Last April, after sending out around fifty queries for two novels, and probably twice that many short story submissions over the past three years, with no success, I decided to take a break from writing and try to figure out what I was doing wrong. Or at least, what I needed to be doing better.
After reading a number of “successful” current authors, I found some patterns. Some which suit me personally more than others. The one thing that stuck out most is the hardest to describe. And that’s voice.
Reviewing my own work, I found that as I developed my stories over successive drafts, they became less and less idiosyncratic. The language more formal, more structured. Less alive, and much less interesting to read. Not coincidentally, this coincided with the number of people I submitted each story to for critique. In other words, I fell into the trap every writer knows they should avoid: letting critiquers’ comments overly influence their style.
I knew this was an issue. I experienced it twenty-five years ago, when I first studied writing at UCLA Extension. But goddamn if I didn’t fall for it again.
Once I realized this, I formed an image of a river. Specifically, the San Gabriel River in Southern California. It’s a great analogy to the process of writing and refining fiction with the help of others.
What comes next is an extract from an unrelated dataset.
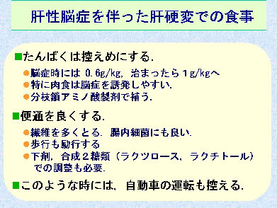 タンパク質は普通にとってもよいですが、肝性脳症や黄疸などがあるときは控えめにします。タンパク質を分解してアミノ酸として吸収しますが、その過程で腸内で有害なアンモニアが発生します。通常アンモニアは肝臓で解毒されますが、肝機能の低下した肝硬変ではアンモニアの解毒に筋肉が使われ、そこで分岐鎖アミノ酸が消費されるため、体内のアミノ酸のバランスが崩れます。その結果、肝臓でタンパクの合成がされなくなり、浮腫や腹水が出現したり、脳症が悪化したりします。このくずれたアミノ酸バランスを戻すためには食事の注意だけでは困難なので、特殊アミノ酸製剤を食事の一部に加えて服用します。

When you start out, your creativity is like the river picture at the top of this page. It’s wild, it creates its own channel, and it works its way out of the wilderness to find the Sea of Publication.
But along the way, your river of creativity hits the San Gabriel Valley: that is, a settled area it must pass through safely. The valley is settled by critiquers. People, like you, who write and love to read. But they know the Rules better than you do. And as outside observers, they see things in your story you never could. So they comment on things like point of view, punctuation, usage, tightening your prose, making things clearer.
Which raises a dilemma. If you ignore them, you run the risk of megalomania (“They just don’t understand me”). If you go too far in the other direction, you end up with, well, the picture to the right: the San Gabriel Wash”a style that constrains your creativity and makes a sterilized, walled-in beeline to the Sea of Oblivion.
Just to be clear, this is not the critiquers’ fault. They are doing exactly what you asked, and what every writer needs. The fault is all mine and what I did with that advice and opinion.
Yep, I am afraid I became the Wash. Happily, I see that now. Which is not say that I have found the key to great writing and publication. Just that I think I’ve found a good place to spend a lot of energy trying to correct.